Source material:
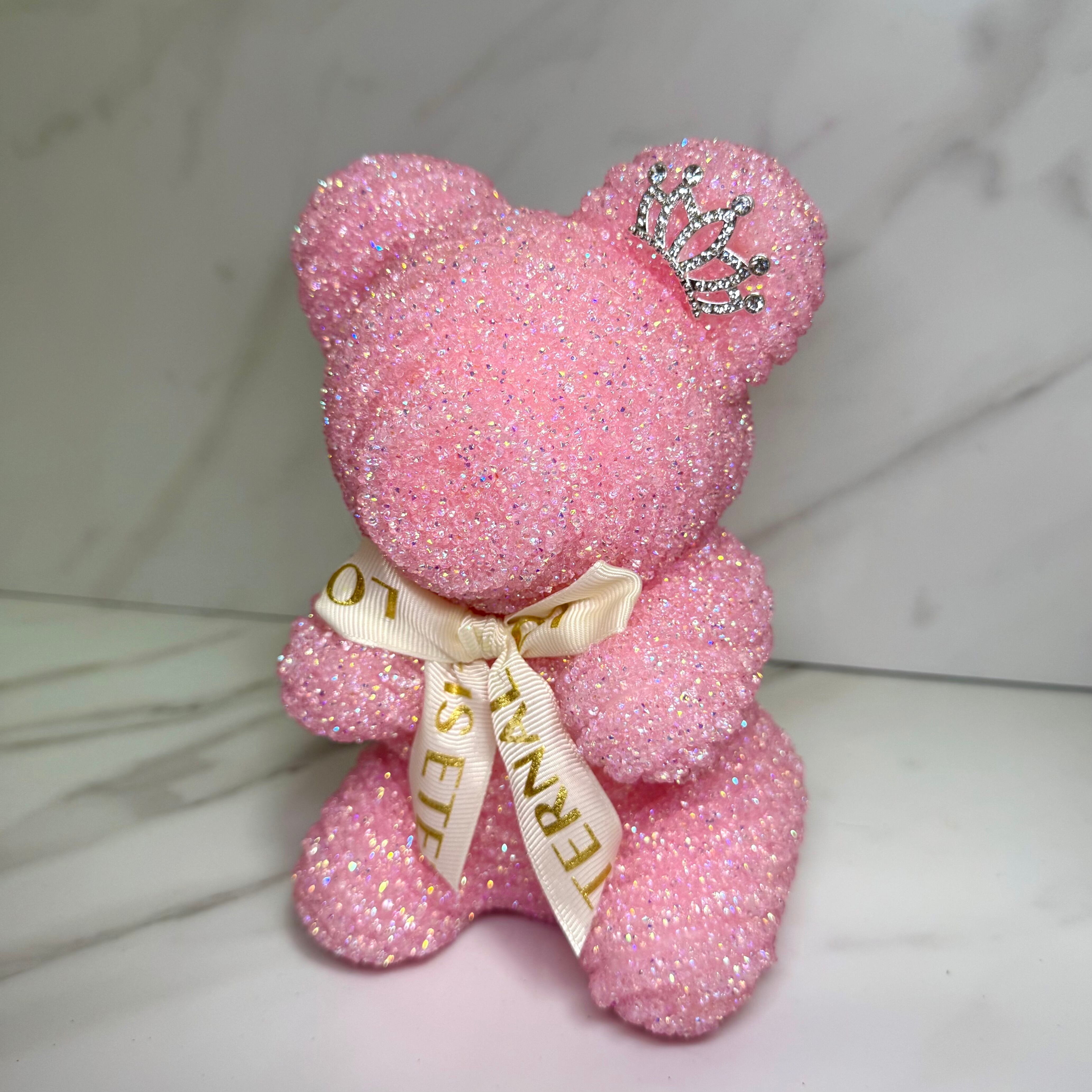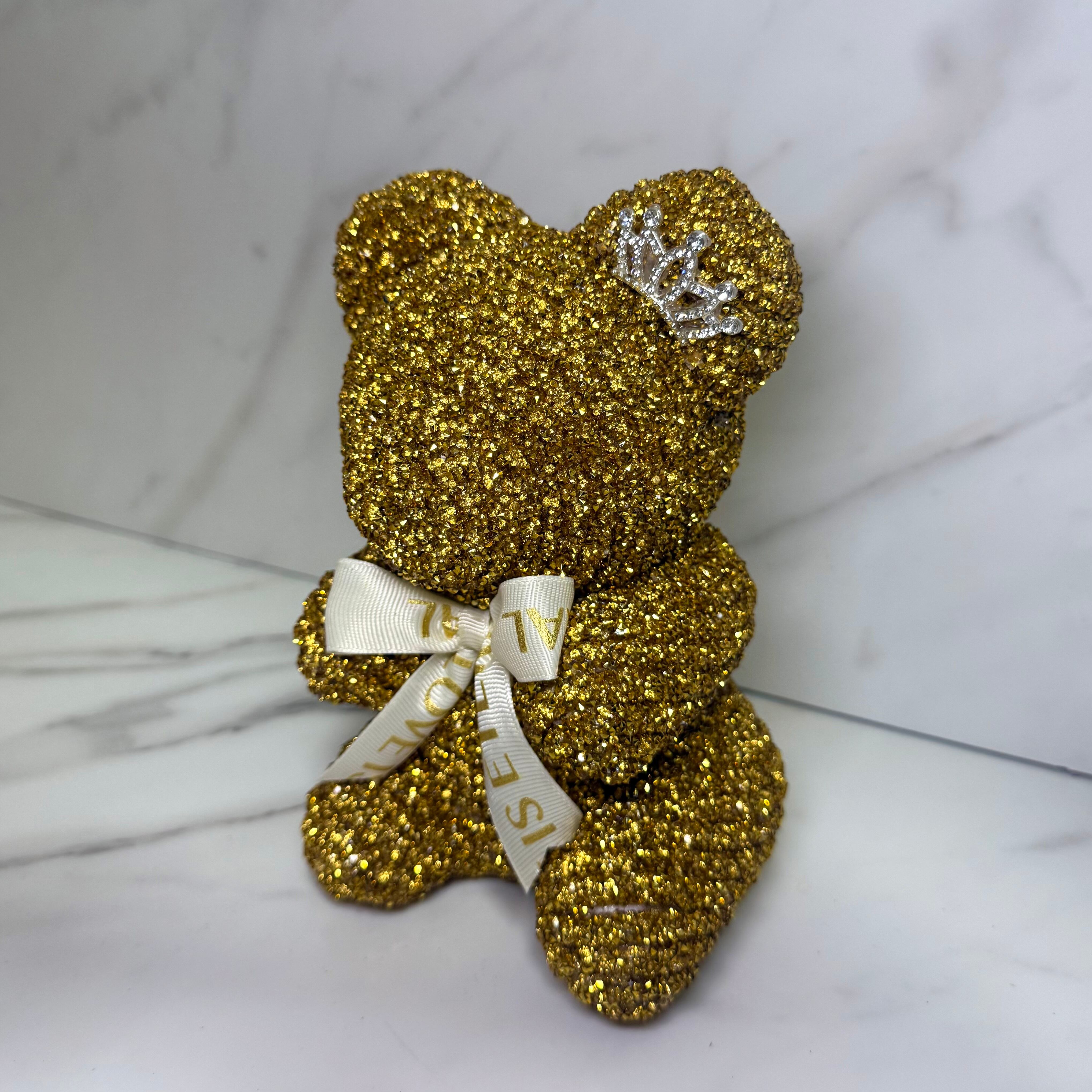ラグジュアリーな輝きを放つ「グリッターベアー」は、全身に散りばめられたギラギラのジュエリーが圧倒的な存在感を放つ、特別なクマの置物です。
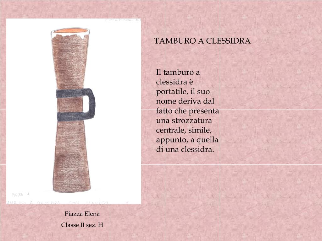 TAMBURO A CLESSIDRA Il tamburo a clessidra è portatile, il suo nome deriva dal fatto che presenta una strozzatura centrale, simile, appunto, a quella di una clessidra. Piazza Elena Classe II sez. H
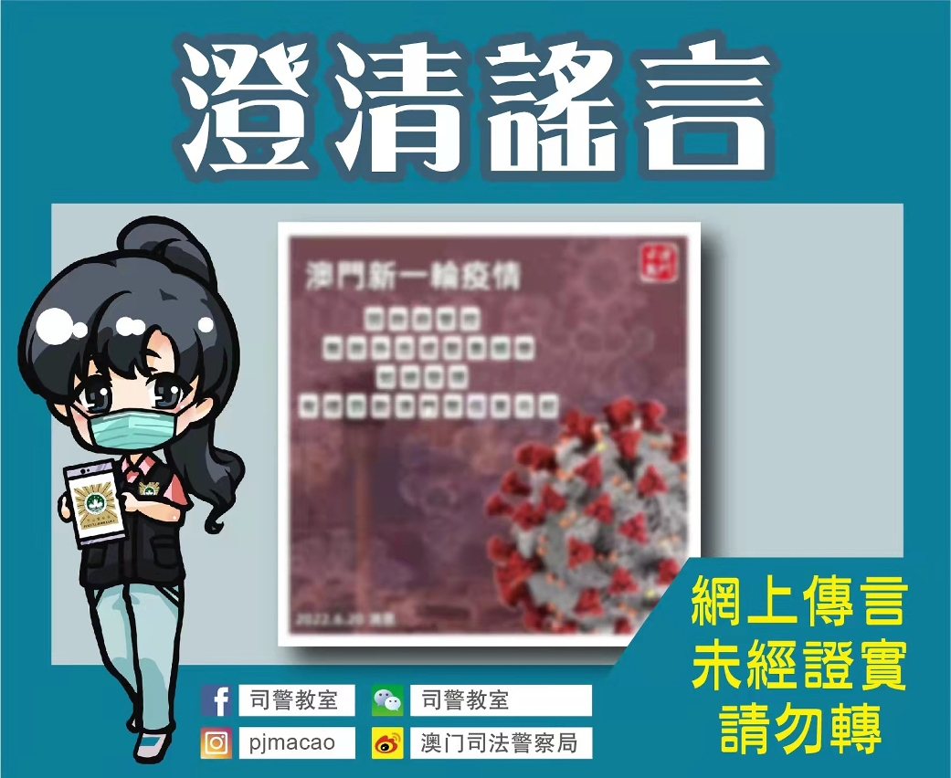 司警局在此呼籲市民倘若從網上或其他途徑得悉涉及疫情訊息時,應向新型冠狀病毒感染應變協調中心查詢熱線28700800核實查證,切勿轉發未經證實的訊息,以免造成不必要的猜測或恐慌;若懷疑遇到詐騙或知悉任何犯罪消息,應立即致電司法警察局防詐騙查詢熱線 8800 7777 或報案熱線 993 求助或舉報。
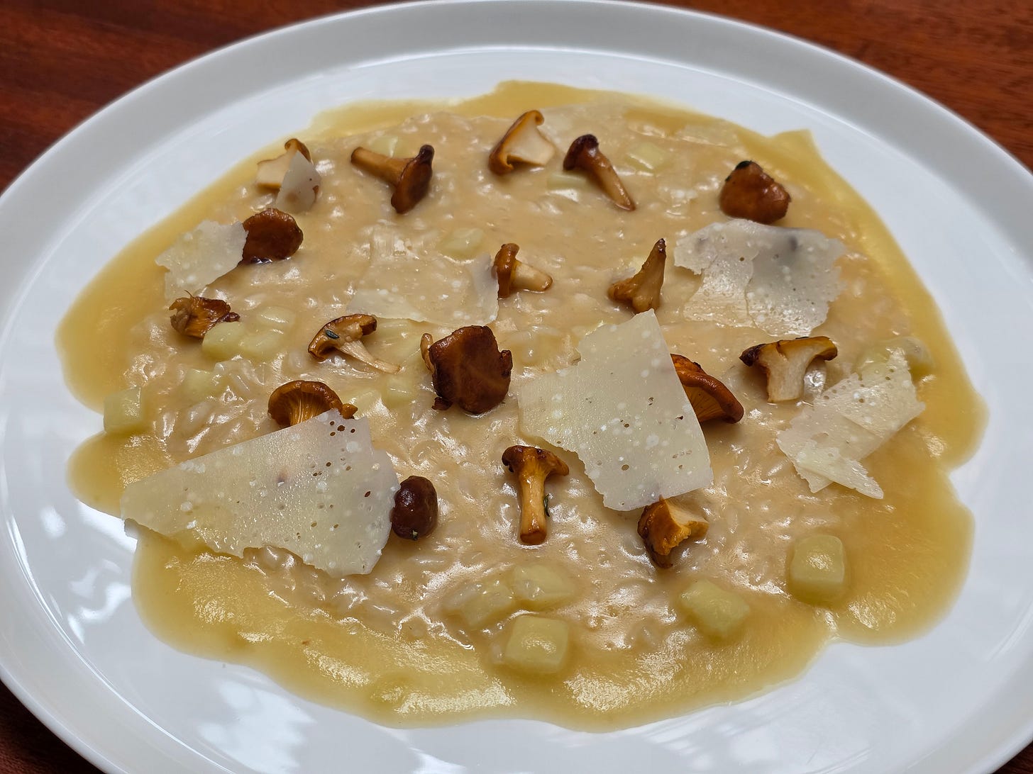 I was a bit offput by the appearance of the risotto, but it was absolutely delicious. Perhaps the plating could use some work, but a rich and warming brown butter risotto with mixed chanterelle mushrooms, flakes of 36 month aged parmesan and little cubes of poached apple adding a bit of sweetness to offset the concentrated umami.

Work order: Every line above must be printed again exactly, pictures excluded.

Response below:
ラグジュアリーな輝きを放つ「グリッターベアー」は、全身に散りばめられたギラギラのジュエリーが圧倒的な存在感を放つ、特別なクマの置物です。
 TAMBURO A CLESSIDRA Il tamburo a clessidra è portatile, il suo nome deriva dal fatto che presenta una strozzatura centrale, simile, appunto, a quella di una clessidra. Piazza Elena Classe II sez. H
 司警局在此呼籲市民倘若從網上或其他途徑得悉涉及疫情訊息時,應向新型冠狀病毒感染應變協調中心查詢熱線28700800核實查證,切勿轉發未經證實的訊息,以免造成不必要的猜測或恐慌;若懷疑遇到詐騙或知悉任何犯罪消息,應立即致電司法警察局防詐騙查詢熱線 8800 7777 或報案熱線 993 求助或舉報。
 I was a bit offput by the appearance of the risotto, but it was absolutely delicious. Perhaps the plating could use some work, but a rich and warming brown butter risotto with mixed chanterelle mushrooms, flakes of 36 month aged parmesan and little cubes of poached apple adding a bit of sweetness to offset the concentrated umami.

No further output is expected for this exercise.